SDK API as Prompt Language

import parlant.sdk as p

async with p.Server():
    agent = await server.create_agent(
        name="Customer Support",
        description="Handles customer inquiries for an airline",
    )

    # Evaluate and call tools only under the right conditions
    expert_customer = await agent.create_observation(
        condition="customer uses financial terminology like DTI or amortization",
        tools=[research_deep_answer],
    )

    # When the expert observation holds, always respond with depth
    expert_answers = await agent.create_guideline(
        matcher=p.MATCH_ALWAYS,
        action="respond with technical depth",
        dependencies=[expert_customer],
    )

    beginner_answers = await agent.create_guideline(
        condition="customer seems new to the topic",
        action="simplify and use concrete examples",
    )

    # When both match, beginners wins
    await beginner_answers.exclude(expert_customer)

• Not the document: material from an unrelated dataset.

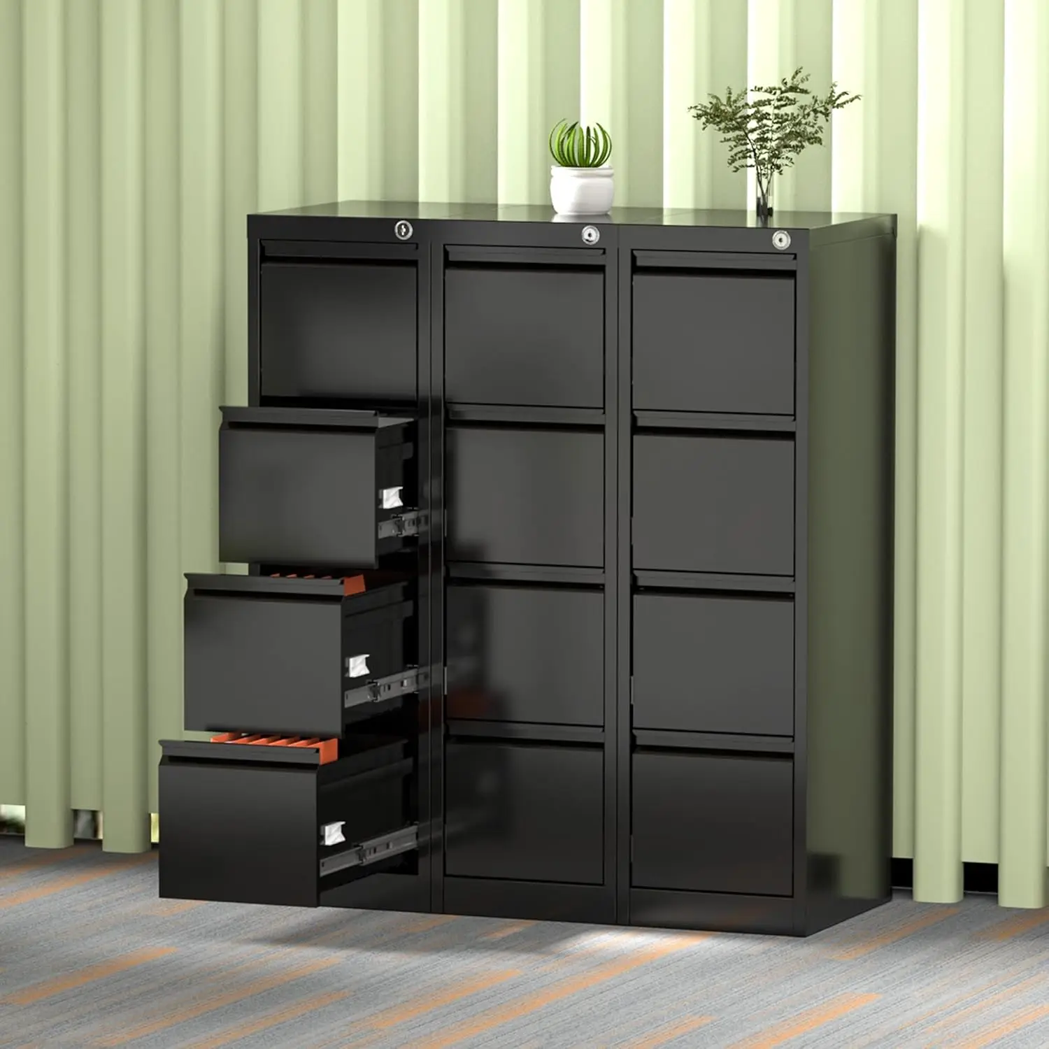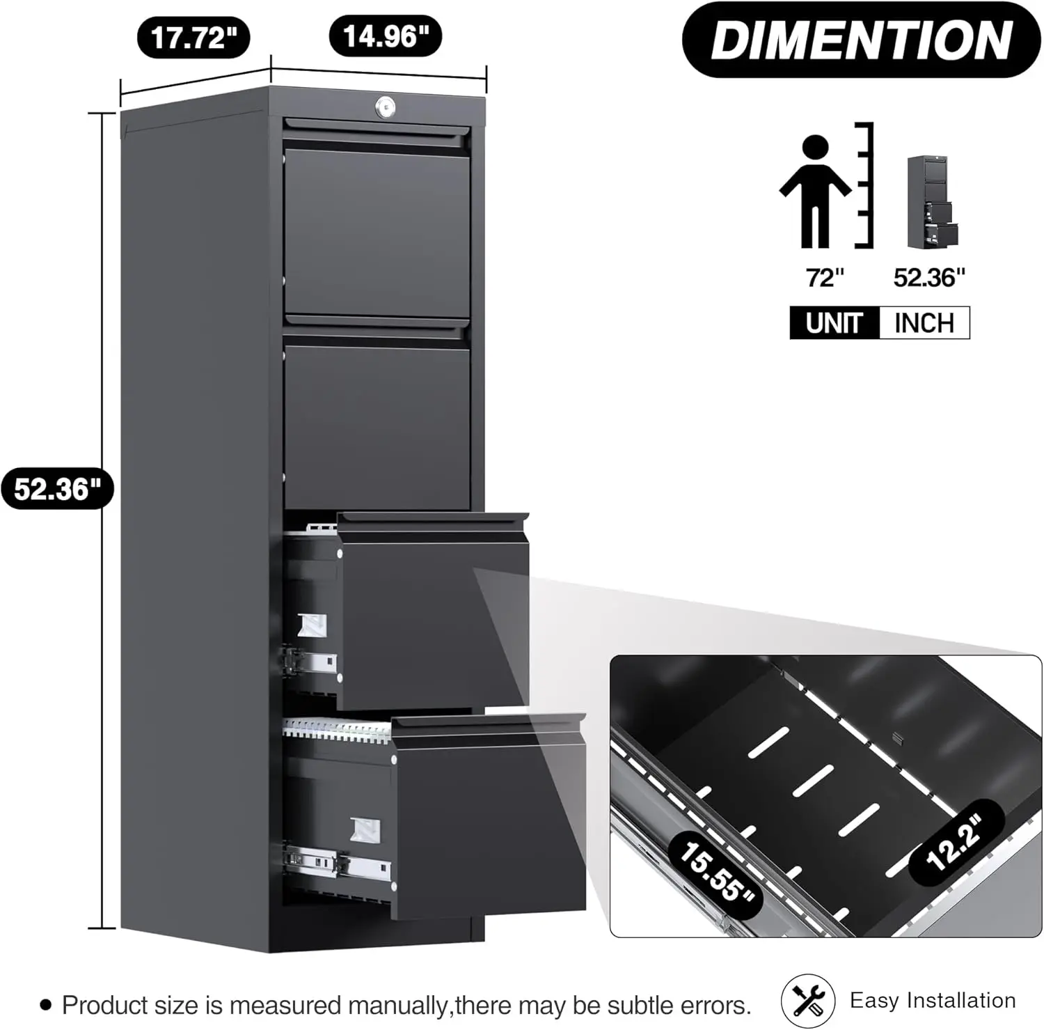 - [Easy Assemble] This metal filing cabinet 4 drawer is a knock-down structure, we provide a step-by-step manual that helps customers assemble the black file cabinet 4 drawer. Whether you're running a busy office or just need a reliable storage solution for your home, our cabinet is a perfect choice.
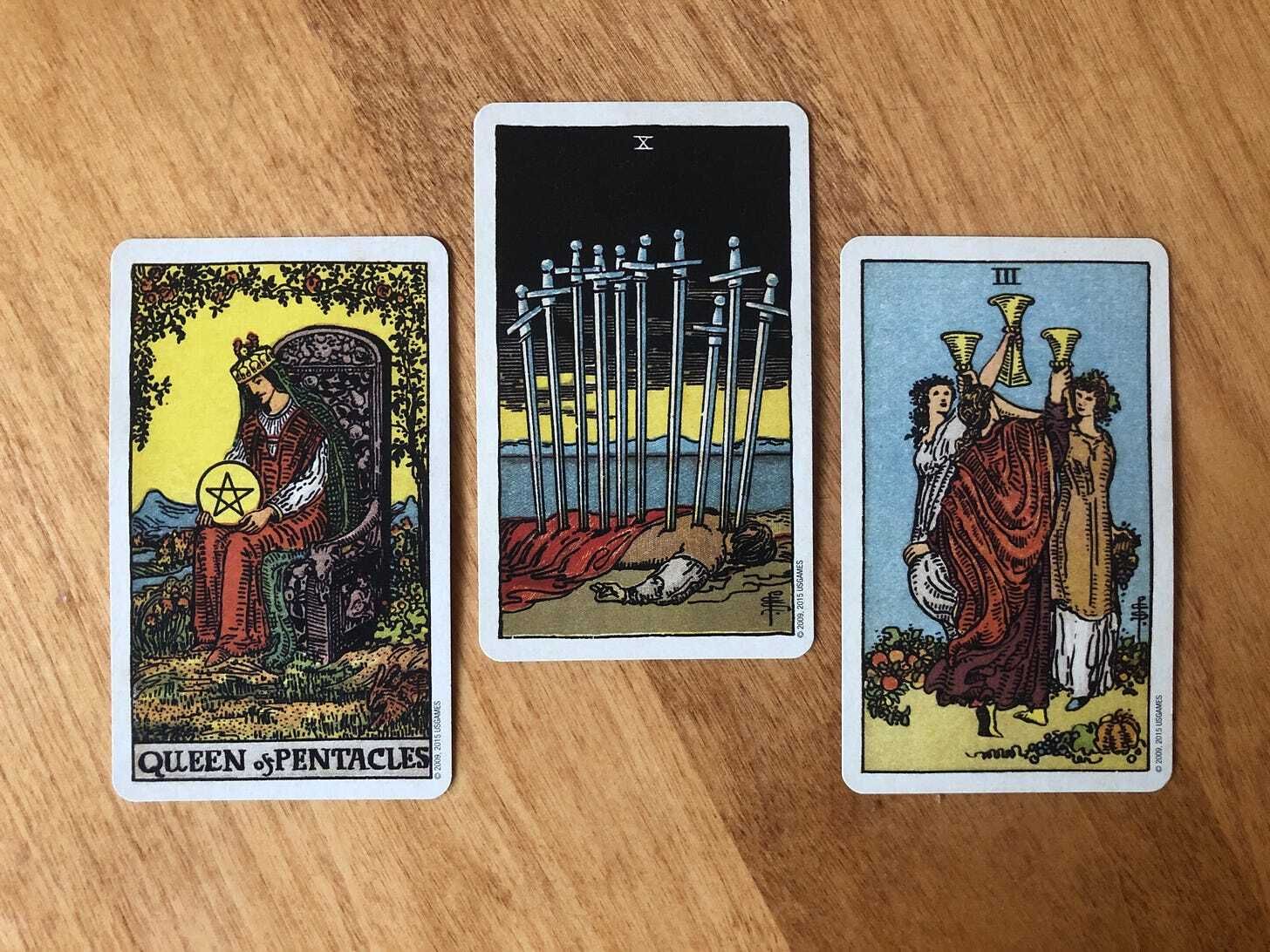 If you’ve been around here a while, you’ve likely noticed that each reading has a unique flavor. There are cards that form a harmonious community, cards that show a distinct, linear narrative, and cards that show different areas of our life coming into relationship (or conflict) with each other. Our reading for the week is the third type, as we find our swords-driven experience of life reaching a painful culmination. At first glance, it’s as if the Queen of Pentacles and Three of Cups are supporting characters, representing ways through which we can find comfort and relief in hard times. This may be true, and I’m also feeling something a little different, a little more subversive. What if our acts of self-care and our supportive communities are leading to and enabling a painful realization? And, more importantly, what if this is an absolutely wonderful development?

Prompting technique: Code-as-behavior-specification. Each guideline is a discrete, independently matchable unit with explicit dependencies and exclusions. This is "prompt engineering as software engineering" — behavioral rules compose, override, and depend on each other like objects.

CLAUDE.md (Developer Instructions)

# Parlant Developer Guide

## Repository Structure
The repository uses a develop branch as the main integration branch.
All pull requests should target develop.

## Testing
- Unit tests: pytest
- Stochastic behavioral tests: pytest --stochastics pytest_stochastics.json
  (Tests probabilistic behavior with configurable pass thresholds)
- Integration tests require a running parlant-server

## Contribution
Follow the DCO (Developer Certificate of Origin) — sign off commits:
git commit -s -m "..."

Prompting technique: Minimal developer instructions focused on process (DCO, stochastic testing). Not prescriptive about code style — trusts the framework's own test infrastructure.

ARQ Research Foundation

From the README and code imports, Parlant uses "Attentive Reasoning Queries (ARQs)" — domain-specialized reasoning blueprints based on an arXiv paper (2503.03669). These are internal prompt patterns that the engine uses to improve model accuracy in conversational contexts. The ARQ mechanism is not directly exposed in the SDK but runs inside engines/alpha/.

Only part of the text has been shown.